# Birthday Cards Benalmadena



## RichieF (Jul 15, 2015)

Hi Guys,

Does anyone know where I can buy an English birthday card in Benalmadena (preferably in near the harbor)

Thanks


----------



## baldilocks (Mar 7, 2010)

RichieF said:


> Hi Guys,
> 
> Does anyone know where I can buy an English birthday card in Benalmadena (preferably in near the harbor)
> 
> Thanks


You will have to go to a shop that sells English stuff - the Spanish don't usually waste their money on them. Suggest you go to Fuengirola where there is an Iceland which does sell English birthday cards.


----------



## Elyles (Aug 30, 2012)

Buy some crayons and be creative


----------



## baldilocks (Mar 7, 2010)

Elyles said:


> Buy some crayons and be creative


he/she may be to young to remember old crafts.
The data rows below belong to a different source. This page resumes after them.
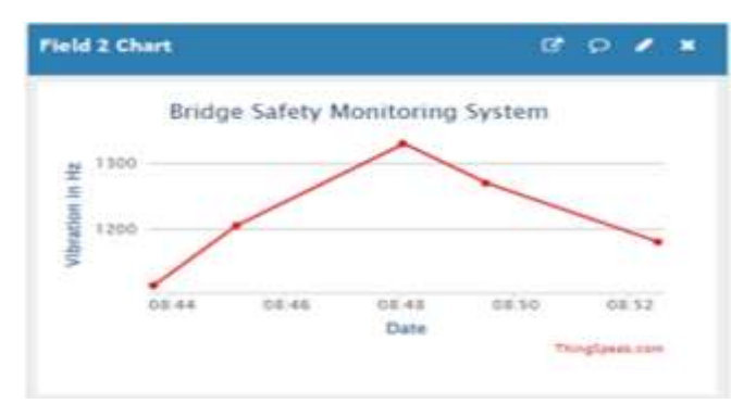
Figure 3: thingspeak graph for vibration sensor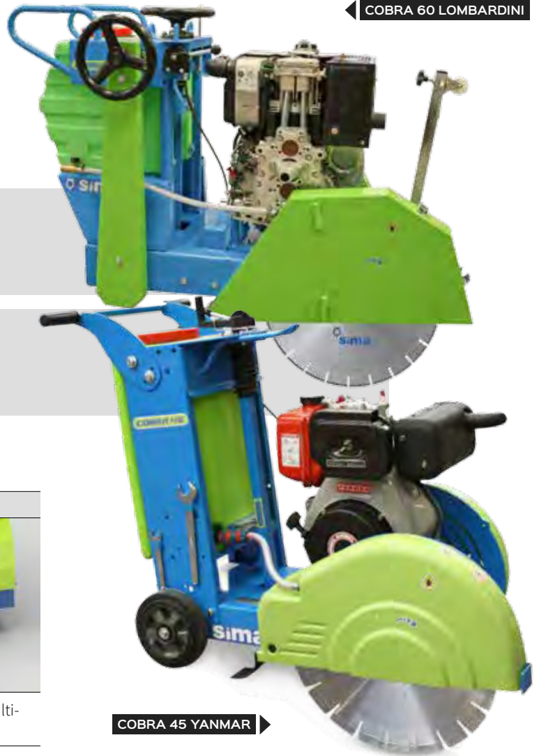
COBRA 60 LOMBARDINI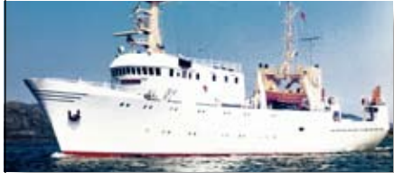
HÅKON MOSBY • built: 1980 • 47,5 m • 493 brt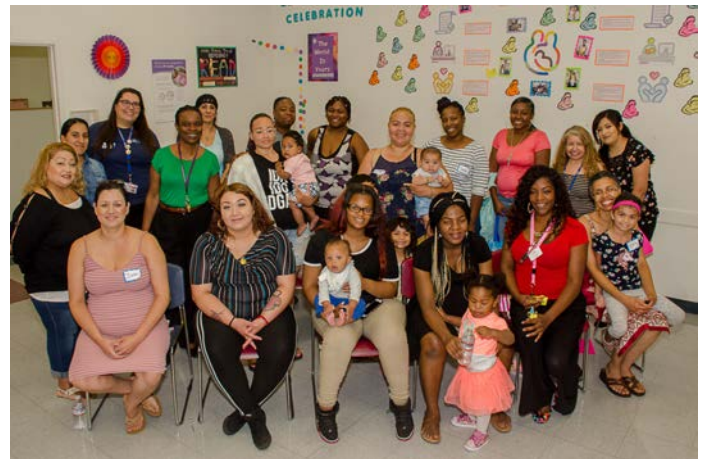
Mothers attend the first Soul Food for Your Baby breastfeeding support group at Black Infant Health at The Children's Collective, Inc., in the Crenshaw District in January 2020.

which 15 Black and Latina families attended. We engaged community members at a farmers' market in the Crenshaw District in Fall 2019. For BBW 2020, we held a Black Breastfeeding Matters Walk in August that raised funds and awareness. We also partnered respectively with Mahmee and the African American Infant and Maternal Mortality Initiative for a Doula Meet Up in June and breastfeeding webinars during BBW and Black Maternal Health Week in April 2020.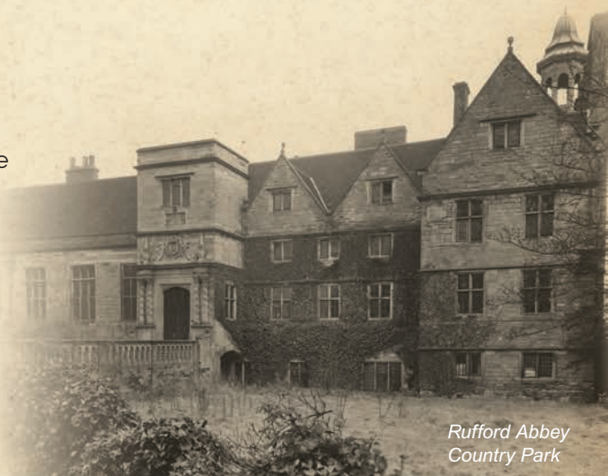
Rufford Abbey Country Park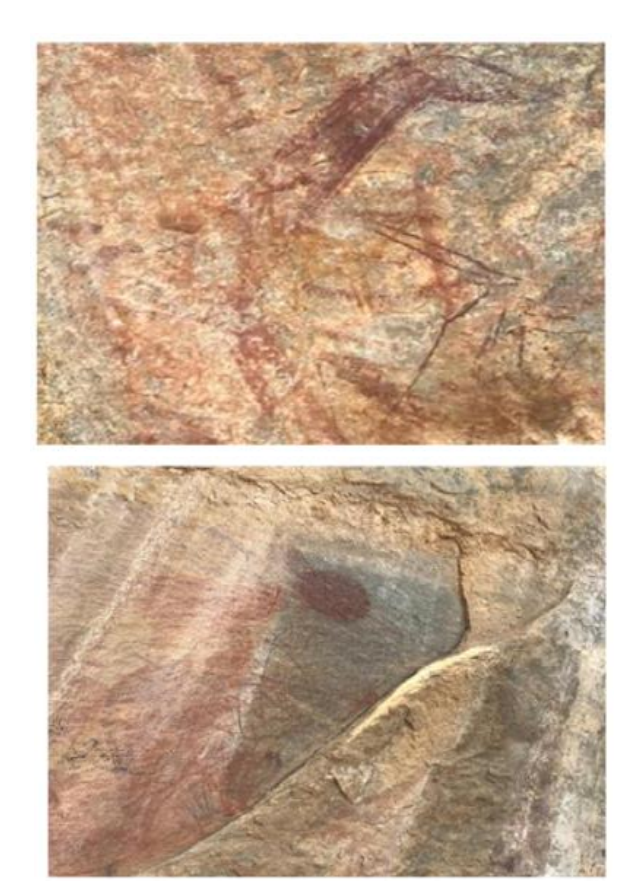
Fig. 9: Naturalistic, Schematic, and Stylized Figures as well as Geometric Designs, Concentric Rings, and Circles at Misughaa-Musule Site

Although fish on the whole have been rarely found painted by these prehistoric painters, they have been found painted together with reptiles in the Misughaa cluster of sites (Musule II rock shelter). In addition to animal and human depictions, symmetric and asymmetric designs were found.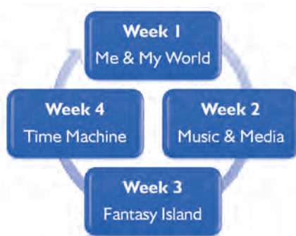
Classic Programme Syllabus Themes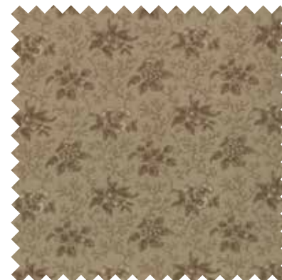
No 44026 25 Stone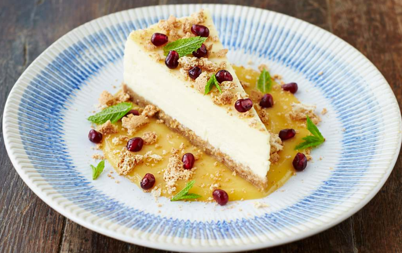
INDULGENT WHITE CHOCOLATE CHEESECAKE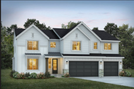
Elevation A Modern Farmhouse

5 Bedrooms includes Den/Guest | Bonus Loft | 2.75 Baths | Covered Outdoor Living | 3 Car Garage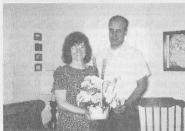
Br. 32, Euclid, OH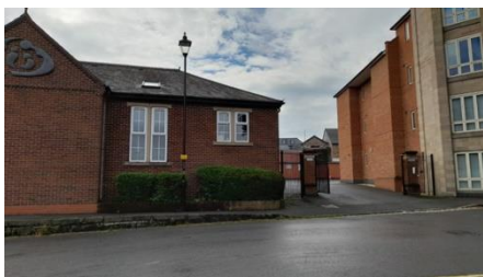
Access to the car park from Darley Lane

Free parking is available at the Church Hall, accessed via Darley Lane. There is usually plenty of space, but Church activities (eg funeral, special mass) may mean it is full. In this case, you should be able to find parking spaces in surrounding streets.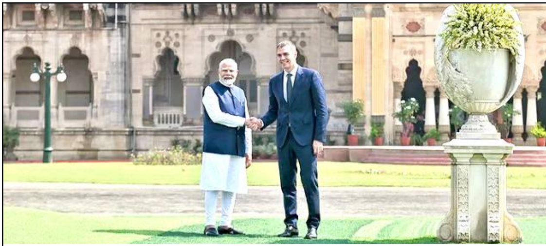
October 28, 2024 nü Gujarat kübok Vadodara yimti nung Ato kilonser Narendra Modi aser Spain Ato kilonser, Pedro Sanchez na senden amentsü lia tangokba noksa nung angur.

Vadodara, Mongputeni/ October 28 (Agencies): Hombarnü Ato kilonser Narendra Modi-i, tang Spain Ato kilonser Pedro Sanchez-i India linük semdangba ajanga linük ana tsüingda tesendakatep tashi itshidaktsür, ta metetdaktsü.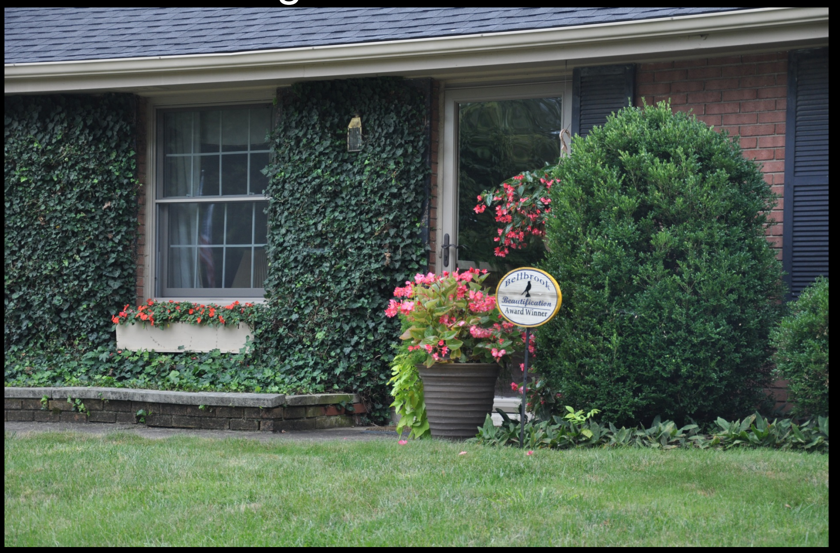
2471 Firefly Drive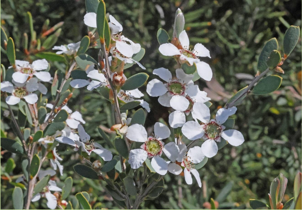
The Coast Track was awash in white: Pimelea and Leptospermum everywhere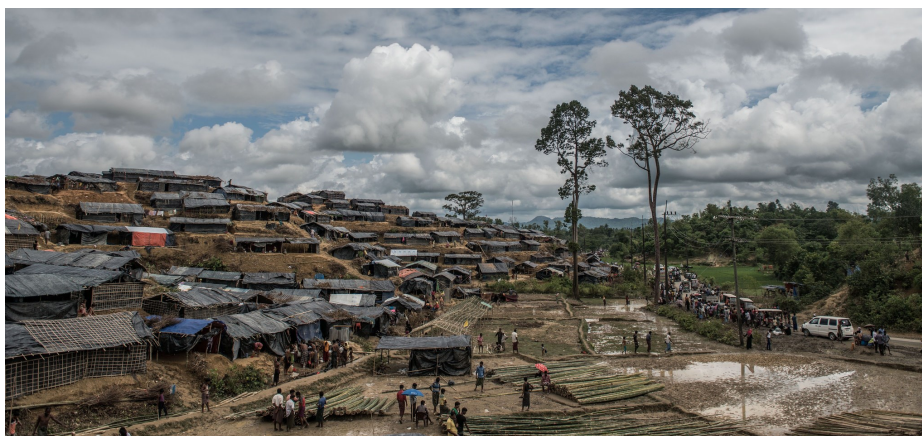
Rohingya refugees in Kutupalong Makeshift Camp, in Ukhiya, Bangladesh, September 2017. To date, more than 500,000 Rohingya people are estimated to have fled to Bangladesh from neighbouring Rakhine state, Myanmar

Alternatively there is always Jacquie Lawson Cards | Greeting Cards and Animated e-cards


----------



## VFR (Dec 23, 2009)

RichieF said:


> Hi Guys,
> 
> Does anyone know where I can buy an English birthday card in Benalmadena (preferably in near the harbor)
> 
> Thanks


Best bet would be the main road near the harbour & look for a chinese shop (lots of them) 
Lots of Spanish shops stock birthday cards so if you do not mind a Spanish one ?


----------



## Elyles (Aug 30, 2012)

Yeah, good idea. I actually like the China stores. It reminds me of WalMart in the US, only poorer quality. We have a couple here in town. I like going there for hardware stuff and don't drive to do it. In the US I would sometimes drive to WalMart a few times a day when working on home projects. Also, according to the locals, the China stores here is where the shoplifters go. When first arriving, they would follow me around in the store and I thought it was a cultural thing. Now, the daughter of the owner always says hello to me in English. Lots off the subject here but the China store has most everything and may have birthday cards but I imagine they will be in Spanish.


----------